Jede Frau mit gesundem Menschenverstand weiß natürlich, wann der Eisprung an
die Türe klopft)
- Mein Partner ist Montag bis Donnerstag auf Montage in einer anderen
Stadt. Falls ich meine fruchtbare Zeit hätte, wäre er ja gar nicht da. (Dicke
fette Lüge! Durch die Dauer der fruchtbaren Zeit über einige Tage völlig
irrelevant!)
- Und die fetteste aller Lügen: ich richte doch mein Sexleben nicht nach
einem Monatsplan aus! (In Wirklichkeit macht man das erstens schon intuitiv und
zweitens: Wenn man darauf Einfluss hätte, würde man pünktlich auf die Minute
Sex haben.)
Und bevor die Frage auftaucht: ja, ich glaubte diese Kacke tatsächlich.
All das war mein Fels in der Brandung, meine Titanic des Selbstbetrugs!

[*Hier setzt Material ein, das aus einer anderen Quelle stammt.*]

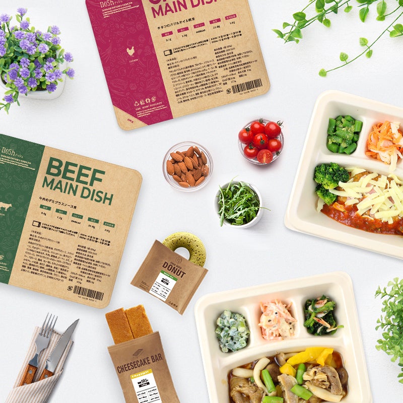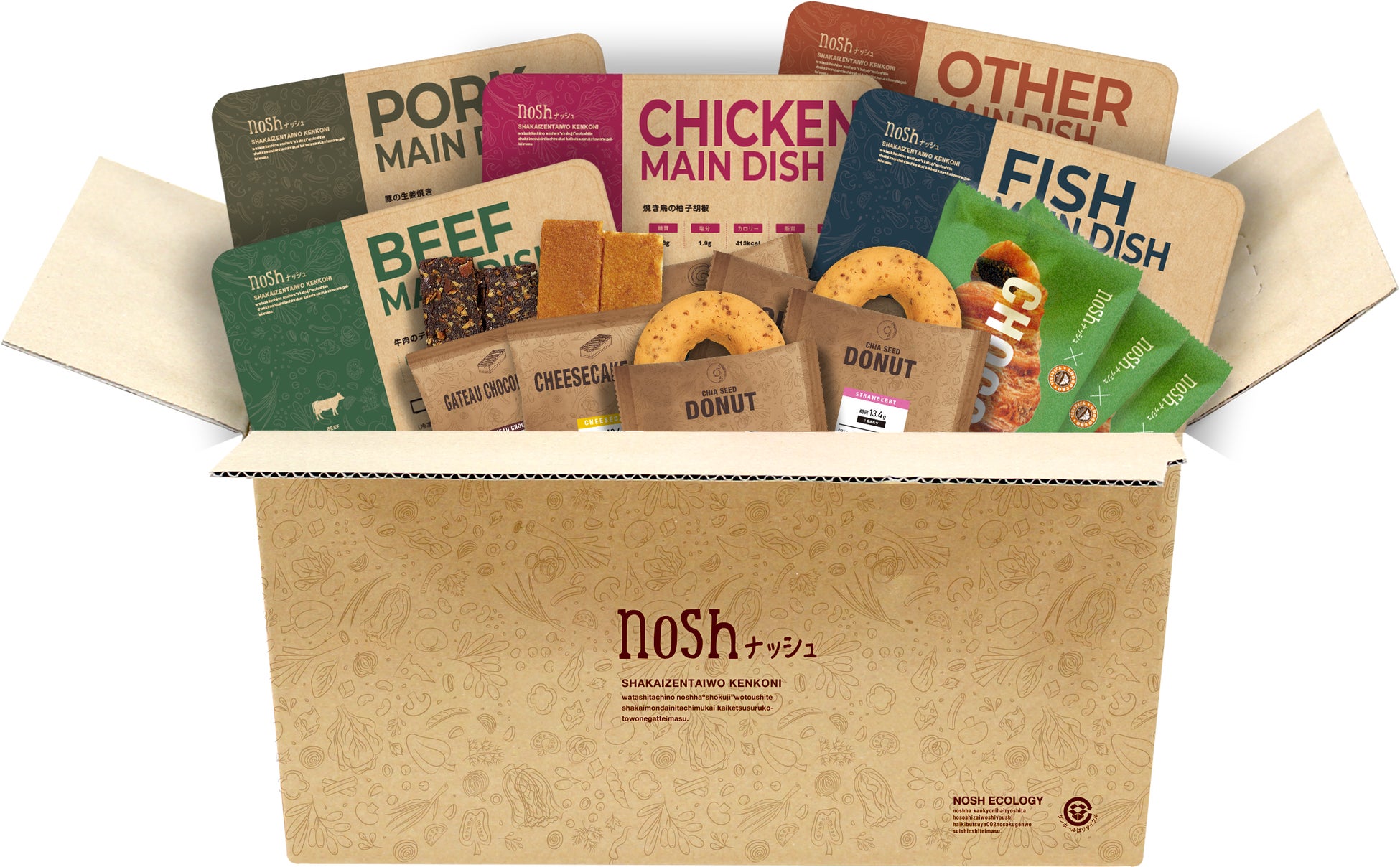 「社会全体を健康に。」を理念とする当社は、商品の企画・製造・販売までを一貫して自社で行っています。 多忙な毎日の中で健康的な食事の準備をすることは簡単ではありません。そうした中で、手軽に栄養管理ができる「nosh」は、自宅に常備される“国民食”となることを目指しています。自社専属シェフと管理栄養士が開発したすべての商品は糖質30g以下、塩分2.5g以下の栄養価を満たし、常時60品以上の商品は継続的にご満足いただけるよう、毎週3商品の新アイテムを投入しています。
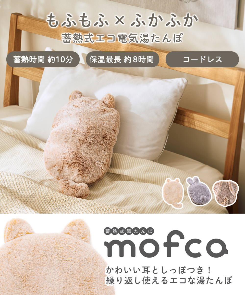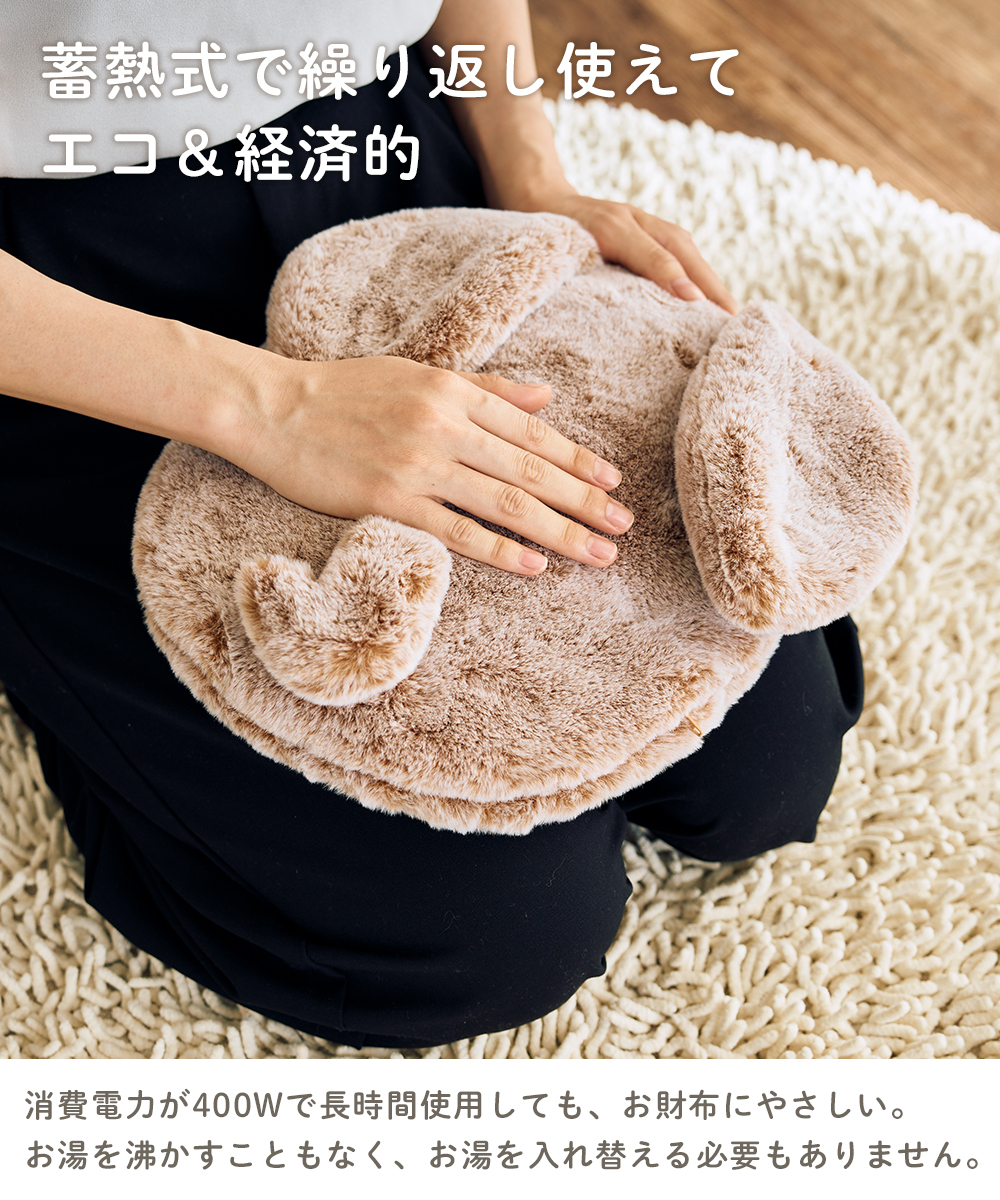 専用カバーには肌触りのいい生地を採用。かわいい耳としっぽつきで、ペットを抱っこしているようなぬくもりをご体感いただけます。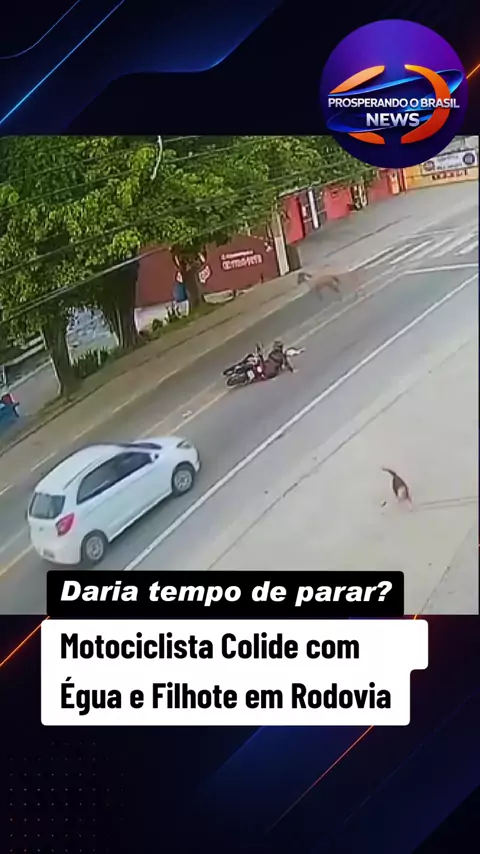 Imagens impressionantes de uma câmera de segurança, enviadas à Rádio Costa Azul, mostram um acidente ocorrido nas primeiras horas da manhã deste sábado (10), por volta das 5h38, na Rodovia Oswaldo Cruz, próximo à entrada do bairro Marafunda. No vídeo, uma motociclista segue pela rodovia quando é surpreendida por um cavalo atravessando a pista junto com seu filhote. O impacto provoca a queda da mulher, enquanto os animais fogem do local. Logo em seguida, outros motociclistas param para Ajudar
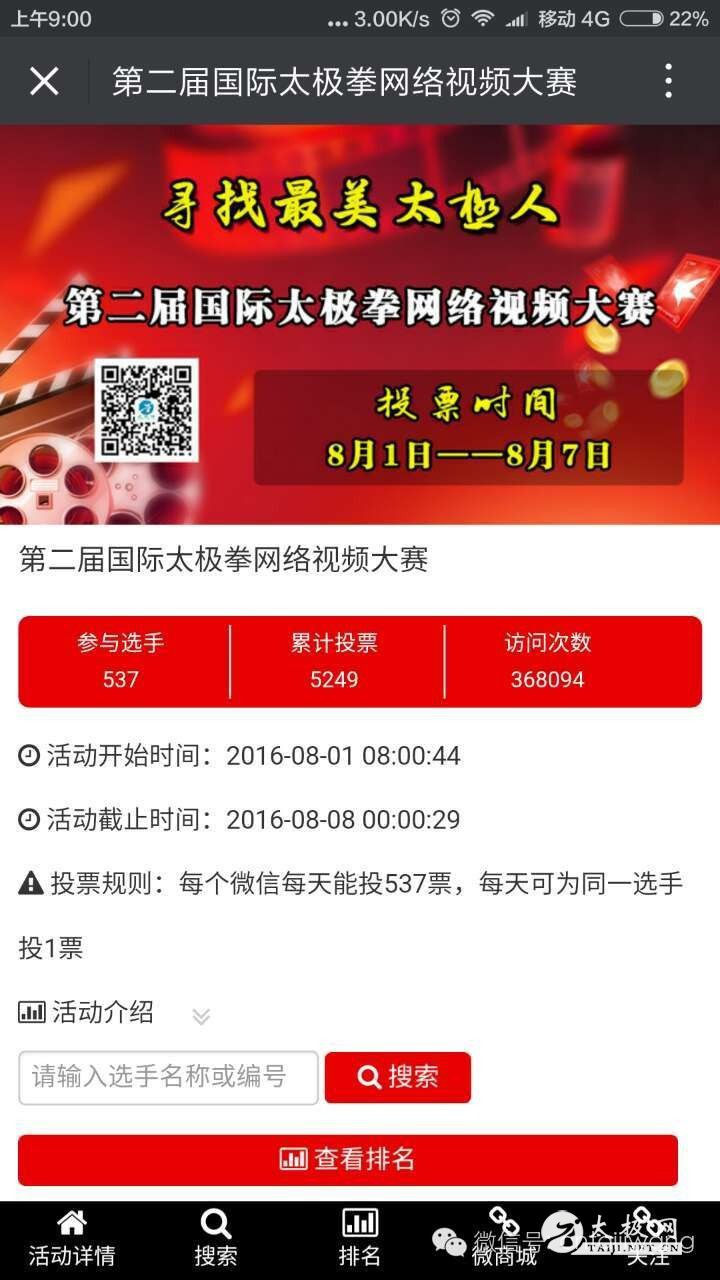 (如果输入“投票”没有弹出视频展播入口,说明您的微信内存不足,需要您清理一下微信内存,然后重启手机哦~) 进入视频展播区后,您可以观看所有参赛者的参赛作品,觉得不错的就为他投一票,也可以将他的太极风采分享至朋友圈与大家共享。 您也可以在搜索框中输入您所关注的选手姓名,观看、投票更方便。
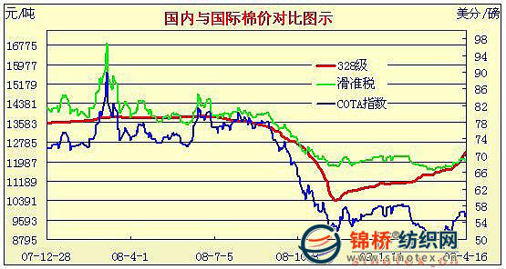 錦橋紡織網(wǎng)—資訊頻道> 棉花信息> cotlook>正文 09年3月2日-09年4月16日國內外棉價對比圖表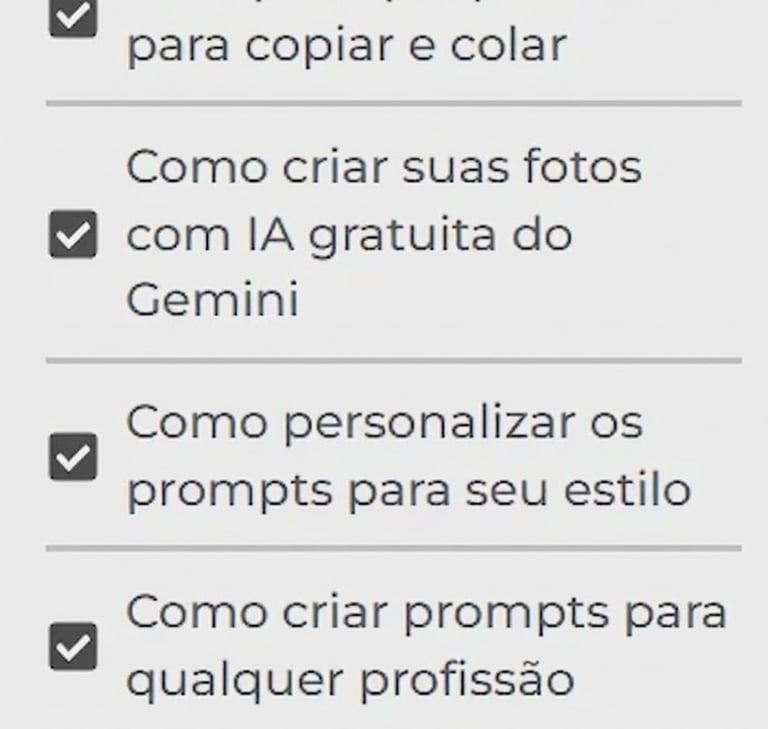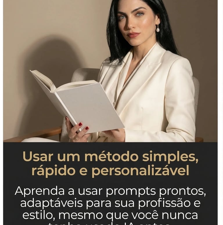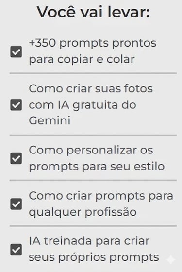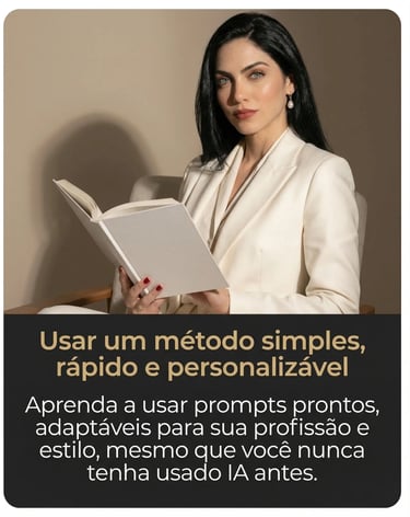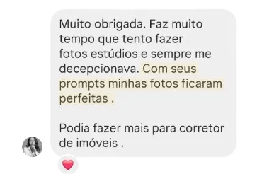 Consigo adaptar os prompts para minha área? Com certeza. Os 300 prompts prontos já contemplam vários estilos, e você ainda vai aprender a criar os seus próprios prompts personalizados para qualquer tema ou profissão.

5) Im Rechtfertigen mir selbst gegenüber war ich zur Höchstform
aufgelaufen. Jetzt musste der Mist einfach noch an den Mann/die Frau gebracht
werden. Die Freunde fragten schließlich bereits mehr oder weniger rücksichtsvoll
nach. Immerhin war es schon eine ganze Weile her, als man ihnen "Die
Idee" unterbreitete. Aber die Fragen prallten am Bug meines
Hochseekreuzers ab wie Gummibälle an einer Granitmauer. Ich hörte mich selbst
Dinge wie "das wird schon werden" sagen, den altbekannten aber immer
noch funktionstauglichen Spruch "Gut Ding braucht Weile" rauswürgen
(der schon fast zu meinem Lebensmotto mutierte) oder (auch ein Klassiker)
"jetzt konzentrier ich mich mal auf die Arbeit". All das verließ meinen
Mund ohne jegliche Anstrengung. Ich hatte es bereits verinnerlicht. Und dann
tauchte dieser verfluchte Eisberg auf und brachte meine Titanic zum Sinken.